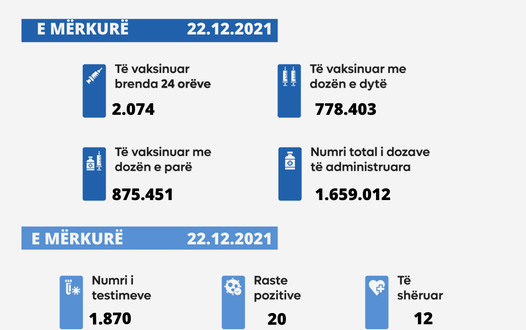 ℹ Në 24 orët e fundit janë dhënë 2.074 doza të vaksinës kundër COVID-19.
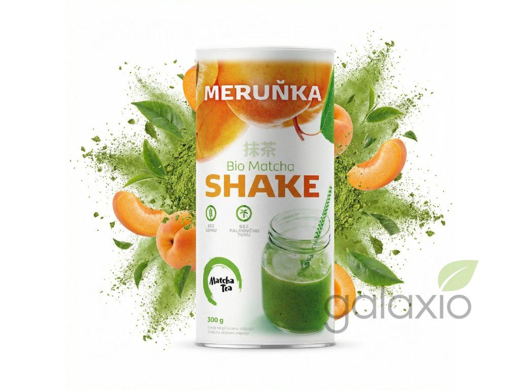 PROČ PÍT BIO MATCHA TEA SHAKE MERUŇKA? Matcha Tea shake je přírodní bioenergetický nápoj založený na čaji matcha a vyvážený složkou bio sušených meruněk. Tento snadno a rychle připravený nápoj dodá rychlou a chutnou dávku energie pro všechny školáky, sportovce a náročné profese. Úžasná chuť meruněk , vláknina, železo, bílkoviny a čistě bio suroviny jsou samozřejmostí. Oslazený je bio rýžovým sirupem, přírodním sladidlem s nižším glykemickým indexem. Oproti běžnému cukru nepřekyseluje žaludek (má vyšší pH). Bio syrovátka zlepšuje látkovou výměnu. Je bez palmového tuku a bez lepku. Japonský čaj matcha vás nabije energií, která se uvolňuje postupně po dobu 3-6 hodin! Velmi oblíbeným benefitem matcha je látka teofylin, která zvyšuje schopnost soustředění, snižuje duševní a fyzický stres a navozuje pocit uvolnění bez ospalosti. JAKÁ JE DOPORUČENÁ DENNÍ DÁVKA? Doporučená denní dávka matcha u dospělého člověka je 4-6 gramů. Těhotné, kojící a děti cca 2 gramy denně. JAK SE BIO MATCHA TEA SHAKE MERUŇKA PŘIPRAVUJE? Ideálním pomocníkem pro přípravu Bio Matcha Tea shake je šejkr , popřípadě uzavíratelná láhev. Pro studenou variantu stačí nasypat do šejkru 2 polévkové lžíce nápoje v prášku, zalít 2 dl studené vody a pořádně protřepat. Pokud upřednostňujete teplou variantu, zalijte shake horkou vodou o teplotě max. 60 °C a protřepejte. Matcha Tea má širokou nabídku šejkrů, které jsou certifikované pro styk s potravinami a neobsahují žádné nežádoucí látky, jako jsou například BPA. JAK BIO MATCHA TEA SHAKE MERUŇKA SKLADOVAT? Samotný tubus zvládne shake ochránit dokonale. Stačí ho jen skladovat na suchém a chladném místě, mimo přímé sluneční záření. JAKÁ JE TRVANLIVOST PRODUKTU? Trvanlivost Bio Matcha Tea shake meruňka je 12 měsíců. OBSAHUJE BIO MATCHA TEA NĚJAKÉ ALERGENY? JSOU NĚJAKÁ RIZIKA SPOJENÁ S KONZUMACÍ ČAJE? Bio Matcha Tea shake meruňka obsahuje syrovátku, a tedy i laktózu. U čaje samotného nejsou známy žádné alergeny. Bio Matcha Tea shake neobsahuje lepek, palmový tuk a je bez rafinovaného cukru. KDE SE PRODUKT VYRÁBÍ? Původ Bio Matcha Tea je v Japonsku. Výroba a balení probíhá v ČR. SLOŽENÍ VÝROBKU: bio sušený rýžový sirup, bio sušená syrovátka , bio sušené odstředěné mléko , bio mletý zelený čaj matcha (4,4 %), bio sušené meruňky (4,1 %), zahušťovadlo: xanthan, přírodní aroma, protispékavá látka: vinany draselné Bio Matcha Tea shake neobsahuje lepek, palmový tuk a je bez rafinovaného cukru. Nežádoucí účinky/alergeny: obsahuje syrovátku a mléko.Doplňkové parametry
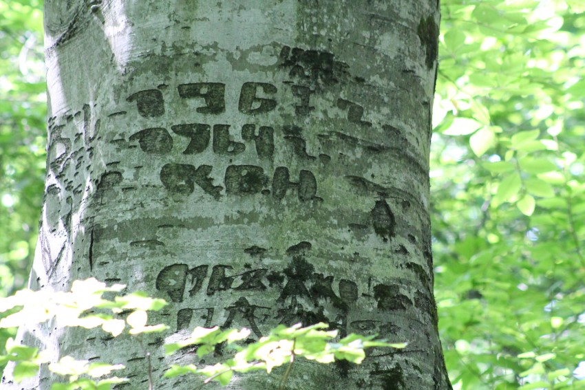 Гуляя в лесу с дочерью, вот такую надпись увидели на стволе дерева

▸ **Work request**: Exact transcription of the full listing above is required; images do not belong in it.

▸ **Output of the task**:
 ℹ Në 24 orët e fundit janë dhënë 2.074 doza të vaksinës kundër COVID-19.
 PROČ PÍT BIO MATCHA TEA SHAKE MERUŇKA? Matcha Tea shake je přírodní bioenergetický nápoj založený na čaji matcha a vyvážený složkou bio sušených meruněk. Tento snadno a rychle připravený nápoj dodá rychlou a chutnou dávku energie pro všechny školáky, sportovce a náročné profese. Úžasná chuť meruněk , vláknina, železo, bílkoviny a čistě bio suroviny jsou samozřejmostí. Oslazený je bio rýžovým sirupem, přírodním sladidlem s nižším glykemickým indexem. Oproti běžnému cukru nepřekyseluje žaludek (má vyšší pH). Bio syrovátka zlepšuje látkovou výměnu. Je bez palmového tuku a bez lepku. Japonský čaj matcha vás nabije energií, která se uvolňuje postupně po dobu 3-6 hodin! Velmi oblíbeným benefitem matcha je látka teofylin, která zvyšuje schopnost soustředění, snižuje duševní a fyzický stres a navozuje pocit uvolnění bez ospalosti. JAKÁ JE DOPORUČENÁ DENNÍ DÁVKA? Doporučená denní dávka matcha u dospělého člověka je 4-6 gramů. Těhotné, kojící a děti cca 2 gramy denně. JAK SE BIO MATCHA TEA SHAKE MERUŇKA PŘIPRAVUJE? Ideálním pomocníkem pro přípravu Bio Matcha Tea shake je šejkr , popřípadě uzavíratelná láhev. Pro studenou variantu stačí nasypat do šejkru 2 polévkové lžíce nápoje v prášku, zalít 2 dl studené vody a pořádně protřepat. Pokud upřednostňujete teplou variantu, zalijte shake horkou vodou o teplotě max. 60 °C a protřepejte. Matcha Tea má širokou nabídku šejkrů, které jsou certifikované pro styk s potravinami a neobsahují žádné nežádoucí látky, jako jsou například BPA. JAK BIO MATCHA TEA SHAKE MERUŇKA SKLADOVAT? Samotný tubus zvládne shake ochránit dokonale. Stačí ho jen skladovat na suchém a chladném místě, mimo přímé sluneční záření. JAKÁ JE TRVANLIVOST PRODUKTU? Trvanlivost Bio Matcha Tea shake meruňka je 12 měsíců. OBSAHUJE BIO MATCHA TEA NĚJAKÉ ALERGENY? JSOU NĚJAKÁ RIZIKA SPOJENÁ S KONZUMACÍ ČAJE? Bio Matcha Tea shake meruňka obsahuje syrovátku, a tedy i laktózu. U čaje samotného nejsou známy žádné alergeny. Bio Matcha Tea shake neobsahuje lepek, palmový tuk a je bez rafinovaného cukru. KDE SE PRODUKT VYRÁBÍ? Původ Bio Matcha Tea je v Japonsku. Výroba a balení probíhá v ČR. SLOŽENÍ VÝROBKU: bio sušený rýžový sirup, bio sušená syrovátka , bio sušené odstředěné mléko , bio mletý zelený čaj matcha (4,4 %), bio sušené meruňky (4,1 %), zahušťovadlo: xanthan, přírodní aroma, protispékavá látka: vinany draselné Bio Matcha Tea shake neobsahuje lepek, palmový tuk a je bez rafinovaného cukru. Nežádoucí účinky/alergeny: obsahuje syrovátku a mléko.Doplňkové parametry
 Гуляя в лесу с дочерью, вот такую надпись увидели на стволе дерева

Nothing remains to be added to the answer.